# Ideas for attic bedroom



## bryce (Sep 10, 2012)

I was planning on removing this strange piece of closet. Then just priming and painting, maybe a light green or blue/green. Then carpet. Any ideas, maybe a backing on the wall?


----------



## nealtw (Sep 10, 2012)

Before you get to exited for paint up there, You will want to check what he did with insulation and venting. The sloped part of the ceiling is often a problem. That part of the rafters should have been made to be 8" deep so you could have 6" insulation and   1 1/2" air space between insulation and roof sheeting.


----------



## bryce (Sep 11, 2012)

Hi Neal, yes i am a bit confused as what to do. I want to get this room done first so i have somewhere to sleep and put my stuff.

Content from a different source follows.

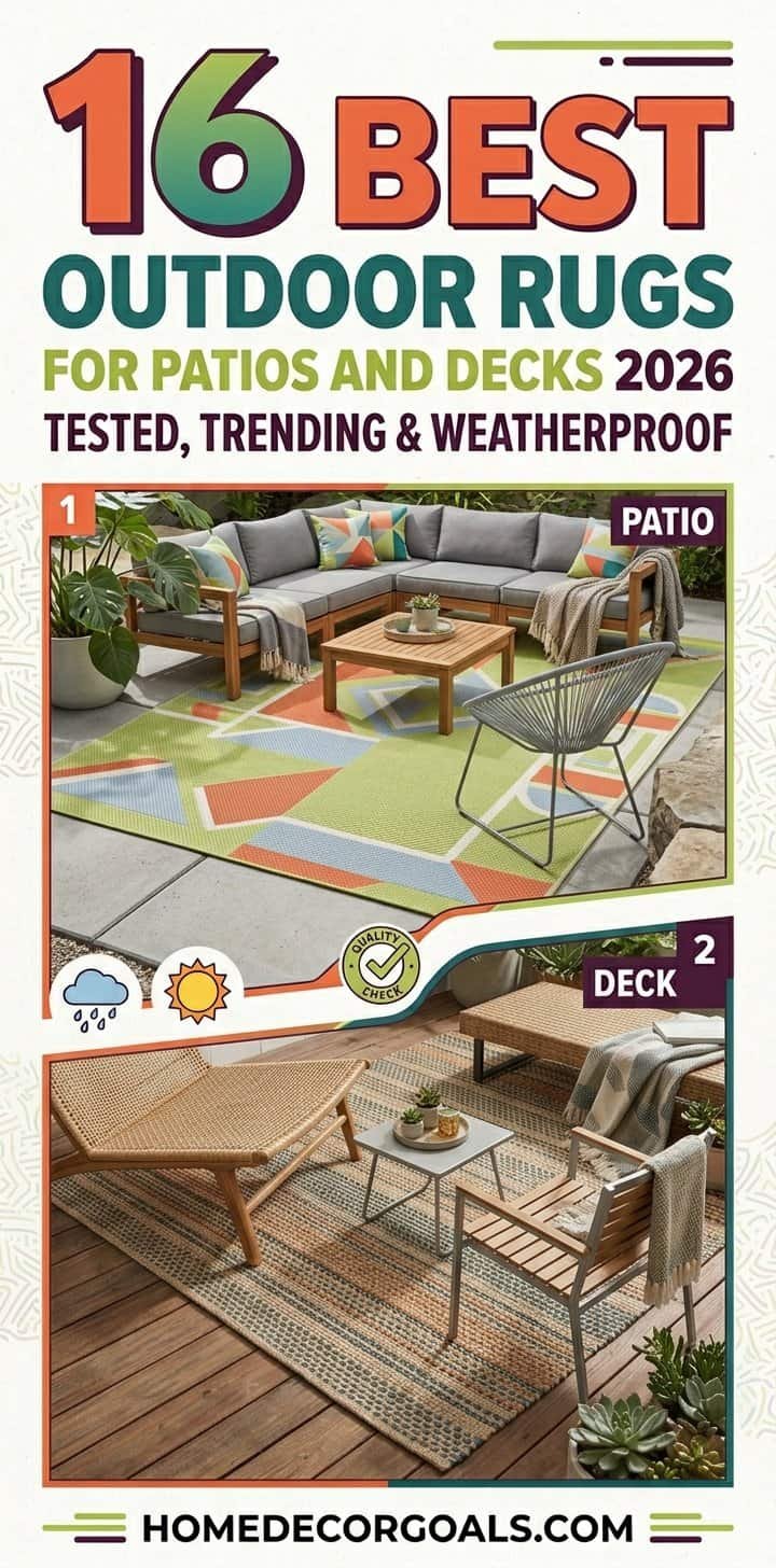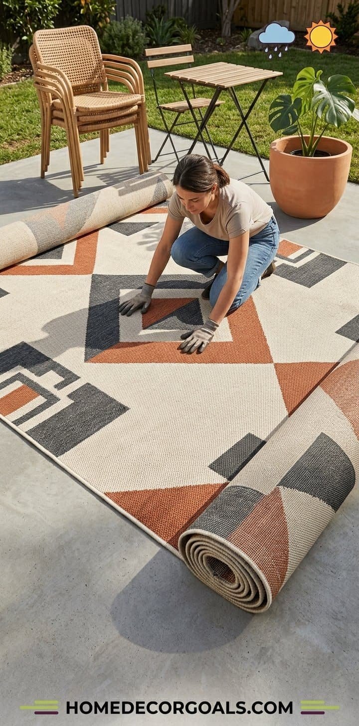 Every interior designer will tell you the same thing: a room starts with the rug. This is equally true outdoors. An outdoor rug placed on your patio or deck surface draws an invisible boundary that says “this is the living room” — separating the seating area from the grill area, the walkway, and the general open space. Without a rug, outdoor furniture looks like it was placed randomly on a slab of concrete. With a rug, the same furniture looks arranged, intentional, and unified.The rug size should be large enough that the front legs of your primary seating sit on it. For a typical outdoor living room with a sofa, two chairs, and a coffee table, a 5×7 or 6×9 rug provides adequate coverage. Measure your seating arrangement first — lay out the furniture where you want it, then measure the footprint and buy a rug that covers at least 80 percent of that area.For budget buying, check Walmart, Target, and Amazon for outdoor polypropylene rugs in the $25 to $60 range. The Safavieh Courtyard collection and the Nuloom indoor/outdoor line consistently deliver the best style-per-dollar in this price range. Choose a pattern and color that anchor your entire outdoor color scheme — every other design decision you make (cushion colors, throw blanket, planter choice) should reference back to the rug’s palette.Flatweave construction is mandatory for outdoor use. High-pile rugs trap water, grow mold, and deteriorate within one season. Flatweave rugs drain quickly, dry within hours, and survive three to five years of regular outdoor use. Shake the rug out weekly to remove debris and hose it down monthly for deep cleaning.

On the other side of the room a piece of the gypsum board is not quiet connected and i could looking in - it is black as in no insulation. 
Should i pull off some of the gypsum board and check it? What i assume is he put some of that polystyrene and some space and then would be the old roof and outside the metal.
There are vents all along on the outside of the roof on both sides. He also says i should not cover the front eves draught and put a vent there as well.
So would the infragun reader tell me the story? Should i poke holes or tear out?
Again i'm confused because what i understood is that if get insulation blown, the sticky chemical stuff, is that the it wouldn't need air spaces? That what i seem to read anyways.
Should i get a guy to blow the chemical insulation in the walls first? I though the air would between the metal rood and the old roof and this knee wall is another foot or two that could be complete filled in?


----------



## nealtw (Sep 11, 2012)

I am not sure about foam as I haven't used it for attics. This picture will show what I am used to but I think ridge vents or box vent are better that gable vents.


----------



## bryce (Sep 19, 2012)

Yup this is right way to do it. I going to forget the spray foam idea and create and entrance hole to the knee joins and line with roxal as in the left of the diagram.


----------



## mathewanderson (Jan 17, 2014)

Wow, Thats nice, It seems that your room will be perfect. i like the curved window most.


----------